Problem to work on: Restate word for word the opening line of the data below and every line after it until the line with "10月21日,忠县城区㽏井河", that line too, but not the pictures.

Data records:
========================================================================

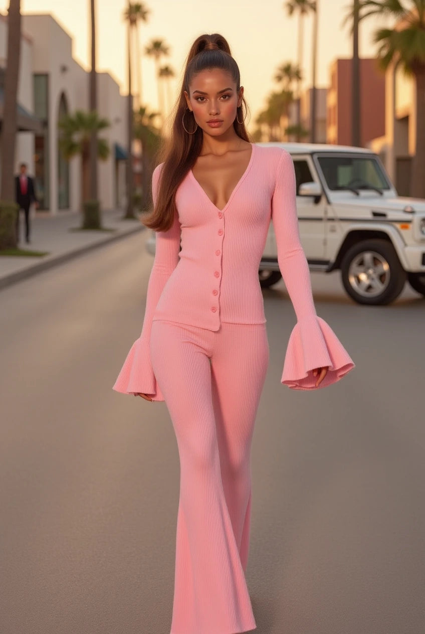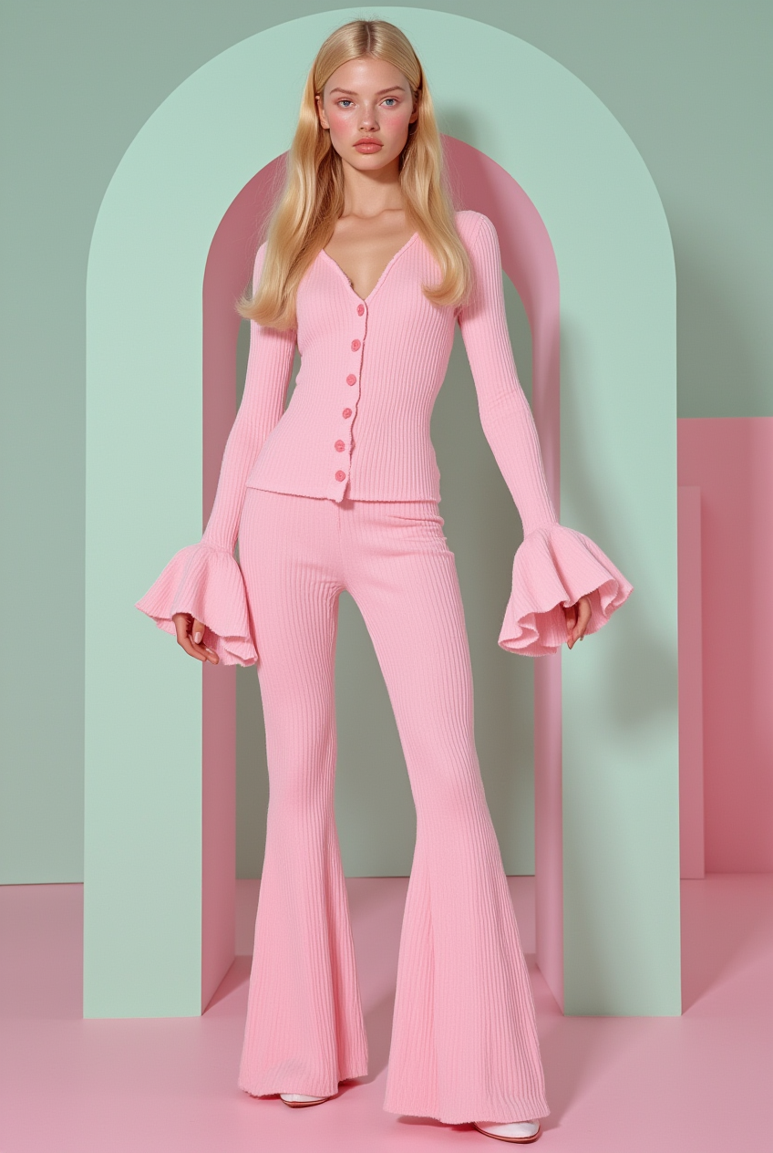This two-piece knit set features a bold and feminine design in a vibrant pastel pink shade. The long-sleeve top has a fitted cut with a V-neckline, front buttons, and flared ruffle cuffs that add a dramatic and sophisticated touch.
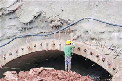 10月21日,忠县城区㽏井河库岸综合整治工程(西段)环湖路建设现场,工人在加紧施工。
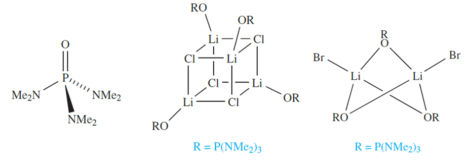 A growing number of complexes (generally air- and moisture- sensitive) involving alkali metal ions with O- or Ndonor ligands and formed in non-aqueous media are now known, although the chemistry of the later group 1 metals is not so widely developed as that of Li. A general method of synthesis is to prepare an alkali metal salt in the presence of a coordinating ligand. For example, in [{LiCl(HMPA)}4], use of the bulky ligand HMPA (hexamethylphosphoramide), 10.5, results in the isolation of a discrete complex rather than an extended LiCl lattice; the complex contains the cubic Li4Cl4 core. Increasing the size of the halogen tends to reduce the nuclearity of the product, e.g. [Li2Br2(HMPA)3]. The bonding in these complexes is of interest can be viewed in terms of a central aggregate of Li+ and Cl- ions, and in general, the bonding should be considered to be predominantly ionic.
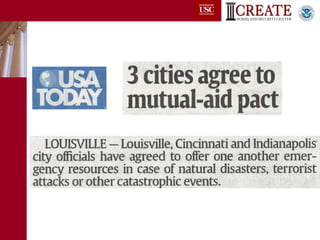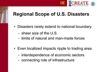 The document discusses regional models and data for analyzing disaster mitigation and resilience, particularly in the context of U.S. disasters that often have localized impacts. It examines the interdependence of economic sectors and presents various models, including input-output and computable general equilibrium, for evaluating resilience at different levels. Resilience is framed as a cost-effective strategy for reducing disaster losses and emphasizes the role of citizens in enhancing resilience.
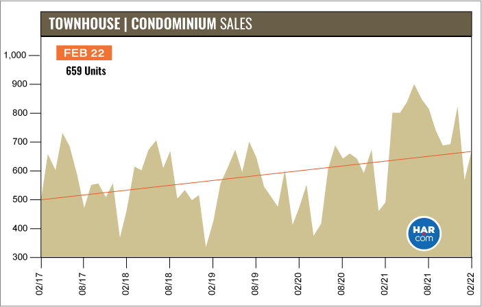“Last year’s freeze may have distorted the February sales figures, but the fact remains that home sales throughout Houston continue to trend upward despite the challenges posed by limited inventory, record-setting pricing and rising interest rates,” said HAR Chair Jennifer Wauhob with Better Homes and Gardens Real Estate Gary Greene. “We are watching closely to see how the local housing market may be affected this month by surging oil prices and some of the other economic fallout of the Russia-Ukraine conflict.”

========================================================================

Written answer:
This two-piece knit set features a bold and feminine design in a vibrant pastel pink shade. The long-sleeve top has a fitted cut with a V-neckline, front buttons, and flared ruffle cuffs that add a dramatic and sophisticated touch.
 10月21日,忠县城区㽏井河库岸综合整治工程(西段)环湖路建设现场,工人在加紧施工。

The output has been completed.